Wednesday, November 4, 2020

More Audio: "The Lost Man' BY Jane Harper

 More Audio: The Lost Man by Jane Harper, 2018, Wisconsin Digital Library download.

Another Australian whodunnit heavy on the setting of remote Australia. Gloriously heavy. "I can feel the heat threatening death" heavy.

I read the initial plot description and this sounded like a pile of crap. That plot intro was roughly "two brothers meet at a remote property marker with a third brother dead at their feet". This novel is so much better than the intro that made it sound like a boring family drama.

Briefly: Three brothers rasied by a violent father on a middle-of-nowhere cattle station in Australia. Thousands of acres of land. The oldest brother has a station next to the family land and is a 90 minute drive away. Harper brings home the remoteness and solitude throughout the novel because the loneliness is integral to life. No neighborly chats. No chatty phone calls. No streaming Netflix. Instead there is always farm work to do and the semi truck comes every couple months or so to stock up your cold room with provisions. The cold room protects against the regular 100+ F heat.

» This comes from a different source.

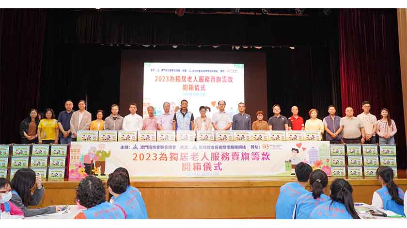 街坊總會當天下午在該會社區服務大樓舉行「2023為獨居老人服務賣旗籌款」開箱儀式,社工局長者服務處職務主管鄭榆強、街坊總會會長吳小麗、理事長陳家良、監事長梁慶球、副會長何潤生、黃華強、張麗珍、江超育等嘉賓主持開箱儀式。

Anyhoo. One of the brothers is found dead at a 100-year-old grave marker. The oldest brother (he's about 35-40 years old) narrates and wondering what the fuck happened. Because, no one goes out into the Bush without a truck stocked with food and water, a radio, and telling everyone the destination and schedule. When the dead brother's truck is found a few kilometers away things are inexplicable.

Harper's books have nice, paced reveals for all the character's histories. Fun stuff.

Comments:

1. After the brother's death no one says 'suicide'. No one says 'killed himself. All the familiy, far-off neighbors, police, and local health guy are thinking he had to have killed himself. But no one says the words.

2. Isolation as a necessity for that way of life. Farming requires lot of hours and a trip to the pub is three hours of driving. You have a few beers at the bar and then sleep in your truck.

3. Got me thinking of Sara Gran's PI, Claire DeWitt. The eldest brother is lonely by choice after a rotten father, dumped by a unhappy wife, money trouble, banished from town, poor farming land, poisoned dead dog, etc. He is lonely by active choice. Does not have or want close relationships. DeWitt has plenty of clients, friends, and one-night-stands but little intimacy.

4. Harper has some perceptive comments on loneliness. That being alone is tolerable and manageable because you shut down a few emotions. When returning to society you visit friends and family and smile and enjoy yourself. That may be for a few hours, maybe a day or two, and then you have to return to isolation. Easier to just avoid those brief human interactions when you know the loneliness that will come afterwards.